- [ACTIVITY]
Reproduced exactly, the lines from the start of the material through the line containing "- 【Large Capacity】- With" should be the whole answer, with pictures excluded.

- [PROVIDED DATA]
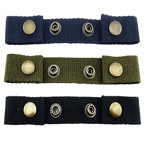 • Pack of three different color belt Black, Navy Blue and Dark Green. And the dimensions: Adjustable Length 5-6 inches x Width 1 inches.
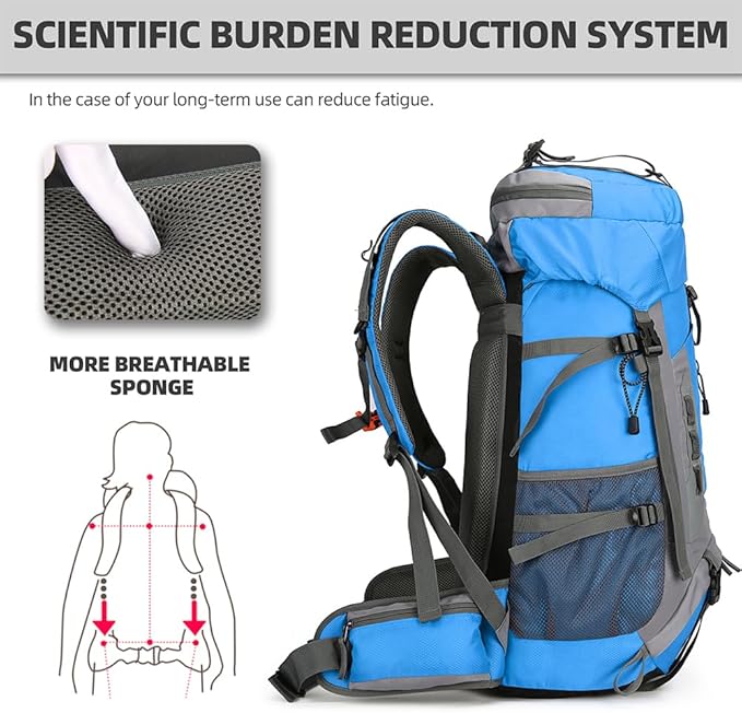- 【Large Capacity】- With a spacious 60 liter capacity, this lightweight hiking backpack is designed to accommodate all your outdoor essentials. The multiple pockets and compartments provide organized storage for your gear, clothing and shoes. The 60l hiking backpack also comes with a rain cover to keep your belongings safe and dry even inthe rain.
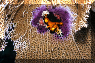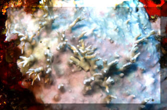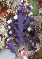 What do you think of when you hear of "dangers from the deep blue seas", giant squids, sharks, other divers? The actual cause of many, or most discomfort from dealing with marine life is from a group of stinging-celled organisms called hydrozoans; in particular the hydroids and fire-coral. The latter may serve another purpose other than stinging like begeesus when they come in contact with your skin; as aquarium specimens. "These stony-coral look-a-likes incorporate single celled algae to manufacture at-times massive colonies of reef-building limestone. They are relatively undemanding, fast-growing marine animals that require nominal "reef" set-up conditions of decent water quality and current. Classification: The fire corals are members of the stinging-celled phylum, the Cnidaria (or Coelenterata); though they superficially look like "true corals" these tissue-grade animals are just as closely allied with jellyfishes and anemones. A quick review of the group: Taxonomists divide cnidarians into three Classes on the basis of predominant body-shape; sessile polyp-like and inverted medusa bell-like forms. Class Scyphozoa, the jellyfishes have a large medusa and small polyp life stages. The Class Anthozoa are polyp stage only; these are the familiar anemones, soft and hard corals, sea fans, and more. And the Class Hydrozoa, with small medusa stages and small-to-large polypoid stages. In turn hydrozoans are sub-divided into five Orders: including the hydroids and hydromedusae (e.g. Hydra); the Order Siphonophora of planktonic, colonial animals, a bad example is the floating "Portuguese man-o-war", Physalia... and our Order du jour, the Hydrocorallina; colonial polypoid Hydrozoans that secrete massive calcium carbonate skeletons. Suborder Stylasterina: /WA Corals: small branching, fan-like colonies • occur in sheltered high- current habitats • often bright colours • azooxanthellate • member of the Hydrozoa • common name lace corals
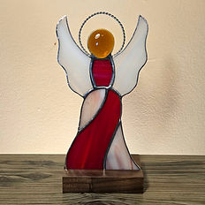 *** Students must have completed a 4-hr beginner level class, or have other stained glass experience. Students should understand the basics of glass cutting, grinding, foiling and soldering. *** There will not be a lesson/practice cutting at the beginning of class. Students will get straight to work making their angel, leaving plenty of time towards the end for some advanced wire work. Students will learn how to use wire to reinforce weak points in stained glass designs. The angel head and halo will be reinforced with wire. Students will complete a 4"x8" stained glass angel. Wooden stand included! Students can choose red or blue glass for their piece and will have the option of applying black patina. All tools and materials provided.

- [SOLUTION]
 • Pack of three different color belt Black, Navy Blue and Dark Green. And the dimensions: Adjustable Length 5-6 inches x Width 1 inches.
- 【Large Capacity】- With a spacious 60 liter capacity, this lightweight hiking backpack is designed to accommodate all your outdoor essentials. The multiple pockets and compartments provide organized storage for your gear, clothing and shoes. The 60l hiking backpack also comes with a rain cover to keep your belongings safe and dry even inthe rain.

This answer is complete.